During the second half off of our walk, Mounger and I descended from the browned sandhills, into the preserve’s lush floodplain and swamp.
“This is the floodplain,” Mounger said. “You can start to see there are some Cypress out there, there’s some cypress knees popping up. There’s just a very clear vegetational change. You’re starting to see some ferns, and a lot more vining species.”
A critical link to the Florida Wildlife Corridor
To the northwest, the Cypress Creek floodplain area, a big series of preserves that run into Pasco County. To the east, running up the Hillsborough River to the Green Swamp, is contiguous conservation land along the river. Mounger says that ultimately leads to what’s known as the Florida Wildlife corridor.
“So this is sort of an arm of that,” Mounger said. “If you lose this piece, you effectively sever the Cypress Creek floodplain and Pasco County from that whole corridor.”
Severing the corridor could have major implications for the wildlife that moves up and down the state. Wildlife like the preserve’s many river otters, one of the floodplain species that use uplands to move between territories. Encroachment from development has left traveling otters dead on busy nearby roadways.
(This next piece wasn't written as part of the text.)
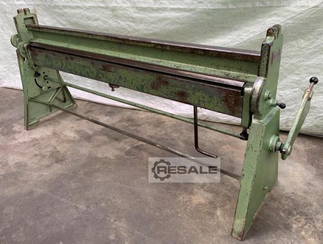 mit klappbarem X-Untergestell Maschine wird vom Fachmann repariert, geprueft, gereinigt und ist dann voll funktionsfaehig. Testlauf wird durchgefuehrt. Blechbreite: 1000 mm Blechstärke Stah: 0,8 mm Blechstärke Alu: 1,0 mm Blechstärke VA: 0,5 mm Farbe: blau Raumbedarf: 1240 x 692 x 1150 mm Maschinengewicht: 38 kg ohne Rollenschere Öffnungsweite: 45 mm Biegewinkel: 150 Grad Maschinennummer: TB 3482

River otters found dead on roads
“They like to travel over land,” Mounger said. “And so you often find them dead by Bruce B. Downs, or you find them dead on here on Fletcher. Because they don’t like to travel in the waterway itself.”
The Hillsborough River is Tampa’s primary drinking water source. Before water reaches the river, much of it is filtered through the preserve’s floodplain. Making the USF Forest Preserve a critical link in Tampa Bay’s watershed.
“This springy vegetation that we’re standing on is capturing carbon, but it’s also capturing pollutants,” Mounger said. “So it’s very vital that these wetlands remain here in order to keep our drinking water.”
Two months ago, a discovery was made down here in the muck and mire. Ghost pipes, ephemeral white and reddish plant blooms that come and go quickly, were found for the first time on the preserve.
“Those russula, they’re attached to the root system of these oaks,” Mounger said. “And then yes, there’s this parasitic plant known as ghosts pipes that tricks the mushrooms into thinking that it’s in a relationship and then just steals nutrients from it. And they’re a beautiful and peculiar little plant.”
And Mounger says, there’s so much more to be discovered in this distinct and threatened environment. That’s why she and others are working to secure a conservation easement.
“A lot of discoveries still being made,” Mounger said. “There’s still a lot of valuable research that can be conducted out here. It has so so much value beyond just being real estate.”